CJK Decomposition Data
This project by gavingrover is without doubt the single most impressive one I have come across during the entire “stroke order” journey. Gavin, after working in IT for 15yrs, switched to teaching English, while learning Chinese on the side – and created a decomposition of 75k Chinese/Japanese characters into their components. Unicode also makes a half-hearted attempt at representing CJK ideographs as combinations of their components, but the kinds of combinations it supports do not seem to be enough, and the components themselves need to be characters with a Unicode code point. The decomposition data here goes beyond that level; I get the shivers when I think of the amount of work this must have taken “while learning Chinese on the side.” If I do embark on creating a stroke order animation font from scratch (or any CJK font for that matter), then this data set will definitely be my starting point.
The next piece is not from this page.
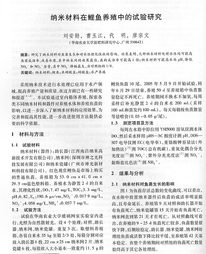 納米材料在鯉魚養(yǎng)殖中的實(shí)驗(yàn)研究1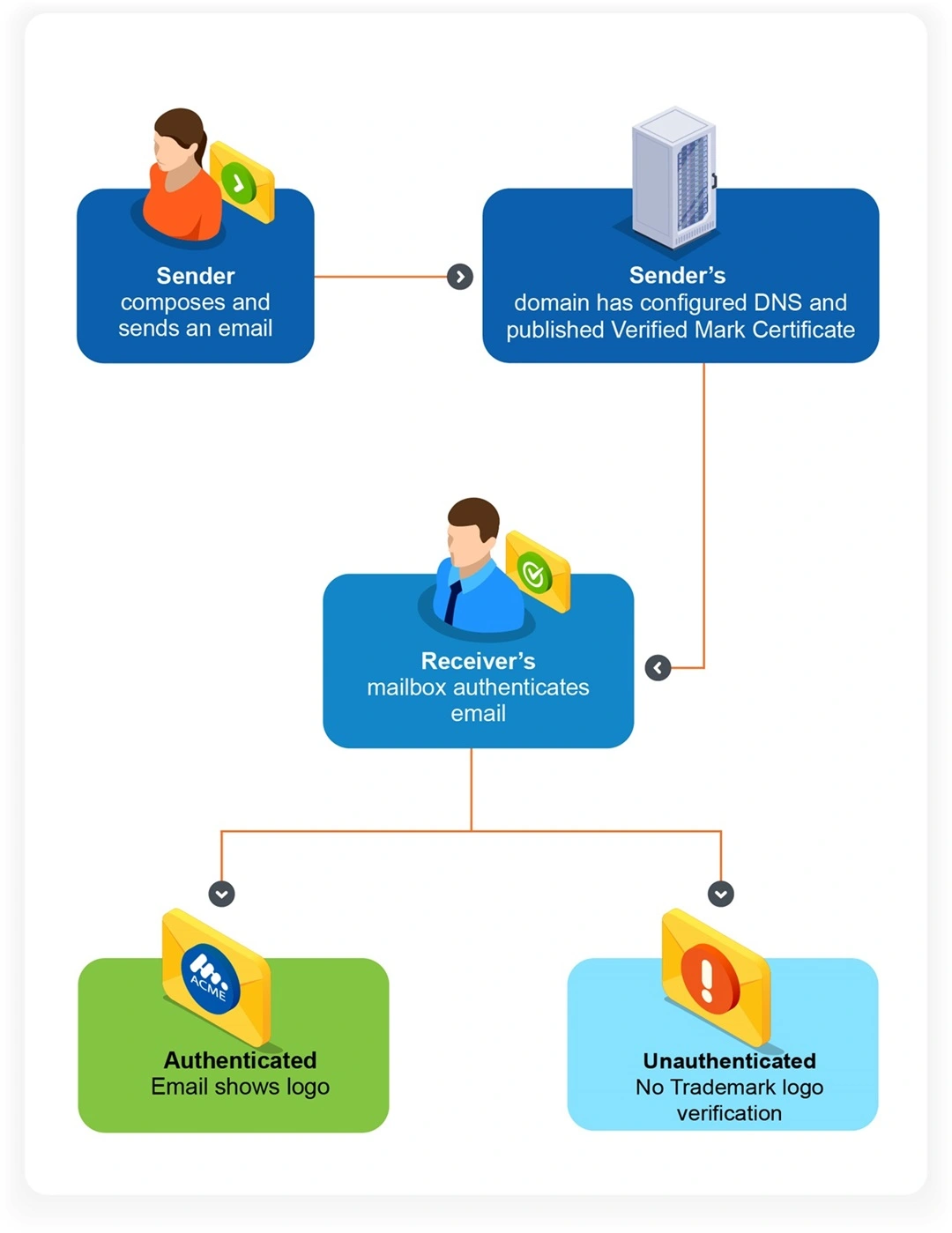 - Verified Mark Certificate (VMC): For trademarked logos. Shows your verified checkmark and proves you’re the official brand owner, making your emails nearly impossible to spoof.

While I was trying to chase up that perfect source for character animations, I came across two really interesting papers; in fact, both are theses of computer science graduates
Philip Jägenstedt (2008): Vector Graphics Stylized Stroke Fonts (referenced in a blog post by him) looks at efficient ways of representing CJK ideographs in fonts. Elena Jakubiak Hutchinson (2009): An Improved Representation for Stroke-Based Typefaces and a Method for their Creation looks at how stroke-based characters can be represented in a modular typeface. Both texts contain an exciting introduction into the inner workings of modern fonts as well as a wealth of information about the CJK script itself.
Finally, it was inevitable that I came across the great free font editor FontForge, a piece of software that allows you to open any TTF file and view or even edit the outline of characters in there – in other words, to play typographer in your spare time and create your own fonts.